2014 Washburn Award Recipient

Richard Saul Wurman

Creator, curator, and chair of TED from 1984 through 2002

Credited with coining the term “information architecture,” Wurman chaired the IDCA Conference in 1972, the First Federal Design assembly in 1973, and the annual AIA Conference in 1976. He has written, designed, and published more than 80 books on divergent topics, including the ACCESS travel series, several books on healthcare, The Notebooks and Drawings of Louis I. Kahn, and What Will Be Has Always Been.

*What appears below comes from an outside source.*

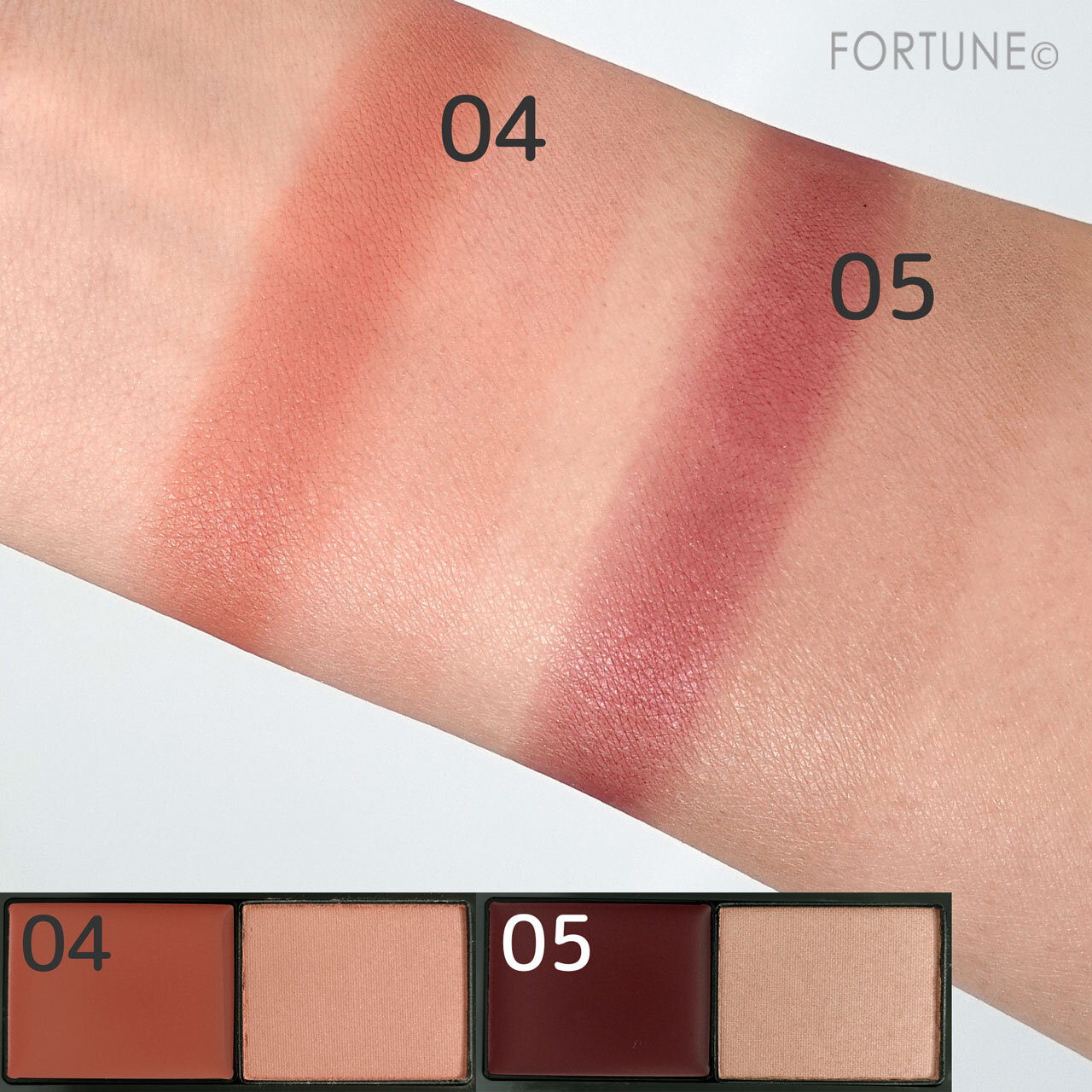 クリームの上からパウダーを重ねたスウォッチ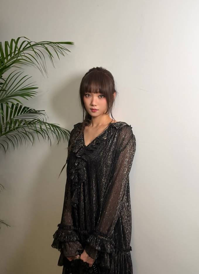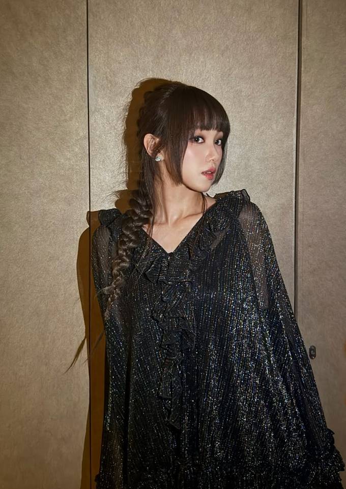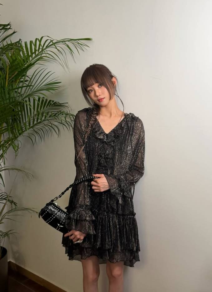 은은한 펄감이 돋보이는 블랙 시스루 드레스를 착용해 고급스러우면서도 몽환적인 무드를 완성했다.

He has been awarded several honorary doctorates, Graham Fellowships, a Guggenheim, and numerous grants from the National Endowment for the Arts as well as serving as the Distinguished Professor at Northeastern University. He is the recipient of the Lifetime Achievement Award from the Smithsonian, Cooper-Hewitt Museum.

Wurman created and chaired several conferences: TED and TEDMED, as well as EG, and the WWW conference. His major cartographic project with ESRI and Radical Media is called the Urban Observatory, which will open in February 2015 at the restored Smithsonian Castle on the Mall in Washington, D.C.

Born on March 26, 1935, grew up in Philadelphia. He received both bachelor and master’s degrees in architecture from the University of Pennsylvania.